** PROVIDED MATERIAL follows **

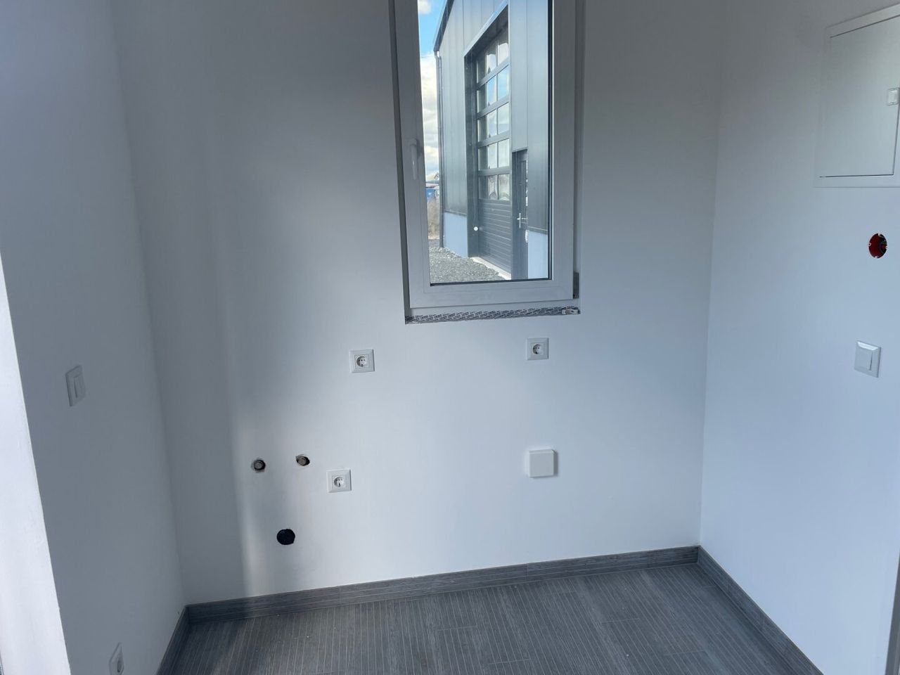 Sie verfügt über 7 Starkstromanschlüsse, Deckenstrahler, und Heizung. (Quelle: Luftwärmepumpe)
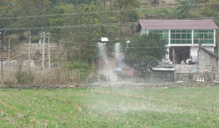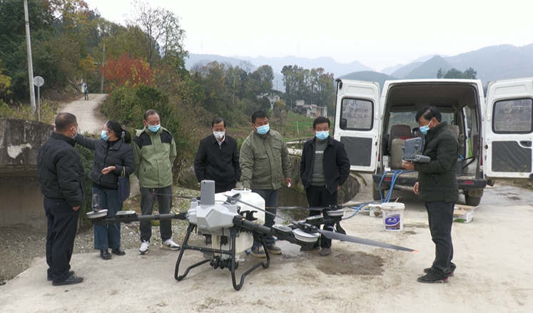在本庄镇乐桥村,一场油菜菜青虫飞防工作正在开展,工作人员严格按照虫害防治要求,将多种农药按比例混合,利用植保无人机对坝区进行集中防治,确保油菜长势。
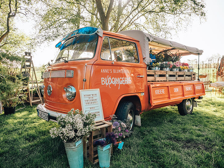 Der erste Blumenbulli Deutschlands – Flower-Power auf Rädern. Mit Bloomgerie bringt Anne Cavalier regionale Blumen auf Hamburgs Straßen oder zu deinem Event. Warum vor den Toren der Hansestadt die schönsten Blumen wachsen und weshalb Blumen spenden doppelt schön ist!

** End of PROVIDED MATERIAL **

*EXERCISE REQUIREMENTS:*
Reproduce the material word for word, but without its images.

*EXERCISE SOLUTION:*
 Sie verfügt über 7 Starkstromanschlüsse, Deckenstrahler, und Heizung. (Quelle: Luftwärmepumpe)
在本庄镇乐桥村,一场油菜菜青虫飞防工作正在开展,工作人员严格按照虫害防治要求,将多种农药按比例混合,利用植保无人机对坝区进行集中防治,确保油菜长势。
 Der erste Blumenbulli Deutschlands – Flower-Power auf Rädern. Mit Bloomgerie bringt Anne Cavalier regionale Blumen auf Hamburgs Straßen oder zu deinem Event. Warum vor den Toren der Hansestadt die schönsten Blumen wachsen und weshalb Blumen spenden doppelt schön ist!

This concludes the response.